Planning a Disaster Recovery

Well, February was a lost cause for me, between the flu and three emergencies that came in that required me and not the old man.   I fell behind on everything, and ended up in emergency “I put out fires” mode until this week.   As bad as it was for me, it was almost worse for one of my customers.

Since I haven’t updated routinely in a while, I’m glad to get back to weekend updates.  That aside, I feel compelled to share some of the knowledge from the most labor intensive project, some of the planning and the things learned may serve to be useful for people who have data to preserve, although I think most of it is common sense and I’m probably preaching to a choir.  Forgive me if I oversimplify or fail to simplify, both are possible given the technical nature of the topic:

On Feb 4th, one of my customers had his office broken into and his Laptop- his primary work computer- stolen.

Since this customer is in the financial industry, he was required to have a disaster recovery plan for reestablishing operations within 24~48 hours of a disaster. (I’m not sure which set of rules he falls under, or I’d reference them.)  We updated his recovery plan about 4 years ago, and about eight months ago we helped him obtain a new office computer as the old one was dying a slow death.

Disaster recovery plans are interesting things.  Fundamentally they boil down to coming up with a good answer to the question of “How do I not lose anything?” and on the computer side of things, redundancy is the answer.

In the case of my customer, I created a minimum of four levels of redundancy in the form of a cloud backup service (Insert Carbonite sales pitch here) and a local network backup to another computer in his office.  This is a fairly common and generic plan, and it probably falls short of what the industry considers “best practices”, but I’m sharing it since it’s easy to set up and is relatively inexpensive.  If you have a desktop, a laptop, and are willing to invest in a cloud backup program or purchase extra space on something like skydrive/dropbox/etc, a little bit of time will let you implement the same or a similar plan to protect your own info.

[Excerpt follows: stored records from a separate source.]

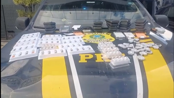 No porta-malas, foram encontradas ampolas de um medicamento de uso controlado, indicado para o tratamento de diabetes e também utilizado para emagrecimento. Diante da suspeita de que havia mais produtos irregulares, os agentes realizaram uma busca minuciosa e localizaram cerca de 104 ampolas da substância, além de 69 celulares, 24 relógios inteligentes, outros eletrônicos, cosméticos e bebidas. Parte da carga estava escondida em compartimentos ocultos no painel do carro.
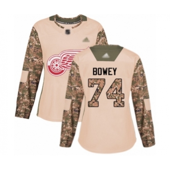 >Women's Detroit Red Wings #74 Madison Bowey Authentic Camo Veterans Day Practice Hockey Jersey
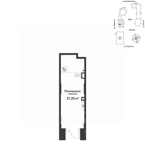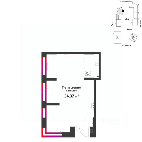 Объект состоит из нескольких комнат: 2 торговых зала и подсобное помещение . Есть кондиционер. Отдельная входная группа на ул. Луначарского. Есть пожарный выход.

The logic goes something like this:

  1. In the event his system failed, he could swap to the backup system while purchasing replacements.Technical note – The backup in the implementation we used is provided by having a second windows computer with a shared folder and using windows sync center to synchronize the contents between the two computers over the network.  This process is fully automatic with the exception of “collisions” – situations where the local copy and remote copy are changed, or one is deleted.  These have to be resolved manually, and there’s an interface for resolving that that pops up down by the system tray/notification area.There are other third party programs that will do this service as well, a few of which are able to use Volume Shadow Copy to synchronized locked files like outlook PSTs/OSTs.  These programs are generally not free, although some offer crippleware/trialware versions.
  2. If the backup system fails, he still has cloud backups to rely on while the backup is replaced.
  3. If the cloud service is shut down, experiences an outage, or freezes his account he still has local backups.  In this case, I happen to know that Carbonite keeps redundant copies of information in more than one data center, meaning the technical side is unlikely to experience outages.

This specific incident fell under 1.  When the call came in, before we realized how much was required, my dad went out to the customer’s office to handle it himself.  He discovered that the thieves had left the backup computer alone, and quickly shifted it over, reestablishing operational minimums immediately as virtually all the information was already there.  I was pulled in to get the CRM software reinstalled and recover some minor stuff that couldn’t be marked for synchronization with windows sync.  (Databases that employ file locking are a pain, more on that later.)

Once we had basic function restored, the curveball that caused the majority of the work came: He wanted to take the opportunity to update all of his computer use habits and more forward on cloud adoption as his industry’s periodicals are emphasizing taking advantage of the cloud.  We spent the next 4 weeks improving the recovery plan,  purchasing replacement equipment and software, and fixing the hiccups that inevitably come from upgrading all of your 5~10 year old software at once.

Some useful observations from this process, generalized:

Consider what kind of backup you need.

 While automated cloud services are great for most things (For example, they met all of my customer’s needs), occasionally you will need a backup where you can roll back to an earlier point.  Most cloud backup services will not offer incremental rollback, and if they do it will rarely go back farther than 30 days – they’re doing good to keep ahead of their customers’ CURRENT data requirements.  For those files where revisions matter, revision control software like Git can be a lifesaver.  (Git is also not the only of it’s kind, just the most popular)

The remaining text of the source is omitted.